I've celebrated the 10th anniversary of one of my books (blessedly, still in print) each spring/summer for the past two years. In 2014, it was Yankee Girl (Farrar, Straus and Giroux). 2015 marked ten years for My Best Friend (Viking). This Wednesday, June 29th, First Grade Stinks! (Peachtree) hits the Big Ten milestone.
|Lily, off to her first day of First Grade|
My daughter Lily loved, loved, loved kindergarten. She adored art (her favorite subject), recess (tied with art), and "student chores" (watering plants, handing out paper.) Her classroom was a carnival of color; bean bag chairs for "share time," multicolored "learning" rug, plus bird and hornet's nests, seed pods, African violets, rocks, shells and other please-touch-me items. Soaring over it all, a Chinese dragon kite dangled from the ceiling.
Lily was a happy kindergartner. She had no reason to believe that first grade would be any different. If I had used my head, I might have warned her.
Off Lily went that first day, toting her new red-blue-and-yellow backpack. She sang along with Destiny's Child on the radio. At school, she swaggered through the doors. She had this.

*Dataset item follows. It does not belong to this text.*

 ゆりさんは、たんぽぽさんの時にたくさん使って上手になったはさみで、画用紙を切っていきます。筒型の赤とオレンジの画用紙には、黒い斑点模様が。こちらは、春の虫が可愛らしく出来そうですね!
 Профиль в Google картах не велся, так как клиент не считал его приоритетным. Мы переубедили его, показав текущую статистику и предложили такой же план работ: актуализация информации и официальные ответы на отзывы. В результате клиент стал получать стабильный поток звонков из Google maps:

At 2:30, a different little girl dragged herself to the car. She shrugged off her backpack as if it contained the weight of the world, and hauled herself up into her safety seat. Destiny's Child still sang on the radio, but they sang alone. Dead silence from the backseat. If Lily wasn't in a talking mood, I'd have to wait until she was.

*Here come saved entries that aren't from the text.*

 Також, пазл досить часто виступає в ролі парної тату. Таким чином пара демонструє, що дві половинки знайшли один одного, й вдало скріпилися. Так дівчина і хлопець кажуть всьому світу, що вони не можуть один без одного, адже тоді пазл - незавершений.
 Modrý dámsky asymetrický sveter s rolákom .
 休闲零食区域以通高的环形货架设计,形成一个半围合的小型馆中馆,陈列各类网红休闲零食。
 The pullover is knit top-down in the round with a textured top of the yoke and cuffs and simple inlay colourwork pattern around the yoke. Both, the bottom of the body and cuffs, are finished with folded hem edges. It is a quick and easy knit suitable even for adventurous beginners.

At home, she slouched out of the car and up the walk. I opened the door and went in, Lily behind me. Slam! We don't slam doors in our house. Ever. I turned to see my daughter, back to the door, sliding to the floor.

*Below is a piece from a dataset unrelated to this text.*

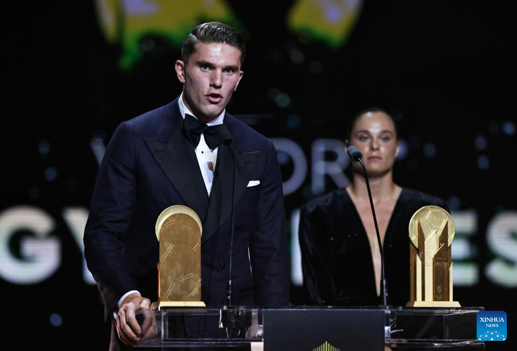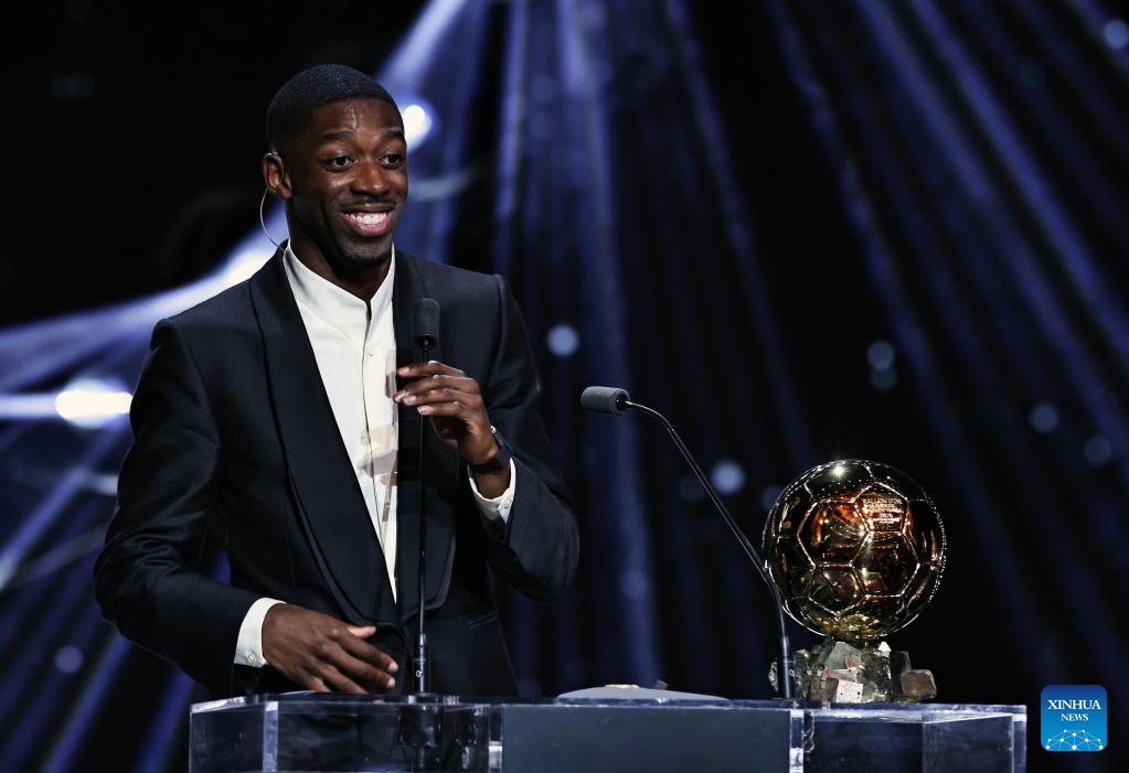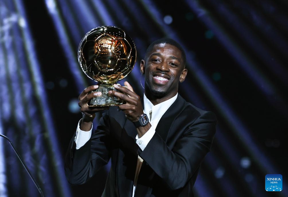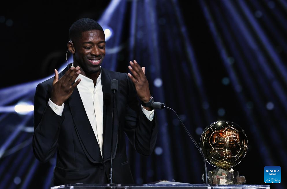 PARIS, Sept. 22 (Xinhua) -- Paris Saint-Germain forward Ousmane Dembele won the 2025 men's Ballon d'Or at the annual awards ceremony in Paris on Monday, claiming the honor for the first time in his career.

"That's it," she shouted. "I'm never going back. Ever, ever, ever. I hate First Grade. First Grade stinks!"
Even as my Mom Brain lined up the words to tell Lily that she had to go back tomorrow and every day for the next twelve years, my Writer Brain thought, "First Grade stinks! What a great title for a picture book!"
As I listened to Lily's recital of grievances, I realized that at that the heart of it was First Grade is different.
There's a story there I thought.
Every day that year, Lily came home with yet another complaint. There was only one recess, not enough art, the kindergarteners had first lunch and took all the chocolate ice cream.
Lily survived First Grade, but just barely. I learned that her teacher was about to retire, due to ill health. All Lily knew was this: first grade is different.
With Lily's on-the-spot reportage, my book slowly took shape.
Now for those mysterious forces . . .
Mysterious occurrence number one. I submitted FGS to be critiqued at a writer's conference in Wisconsin. The editor who read it, loved it, and wanted a copy when we got home. Turned out she was from Peachtree Publishers and lived fifteen miles away from me. I doubt we would've found each other had we not gone to that Wisconsin conference.
Serendipitous occurrence--My fairy godmother/art director at Peachtree paired my words with Beth Spiegel's art. Beth found humor and detail with her illustrations that I hadn't noticed when writing. She is still one of my favorite illustrators.
Personal note--The original manuscript had only four named characters; Hayley and her best friend, Ryan, and the two teachers, Ms Lacey and Ms Grey. The rest of the characters had "names" like "Boy in Red Sweater" and "Girl with Cornrows." The day the book was to be typeset, my editor called, minutes before I was to meet Lily at the bus stop.
"I need names for these characters," said my editor. "Real ones. Not Boy-in-A- Sweater. Call me back in half an hour.
Those characters had descriptions instead of names; I stink at choosing names. Back then, I used baby name books for that purpose. (Now I use websites.) I didn't have time to thumb through a couple of books. I had a half an hour. My creativity's wheels spun in the mud as I trudged up to the bus stop.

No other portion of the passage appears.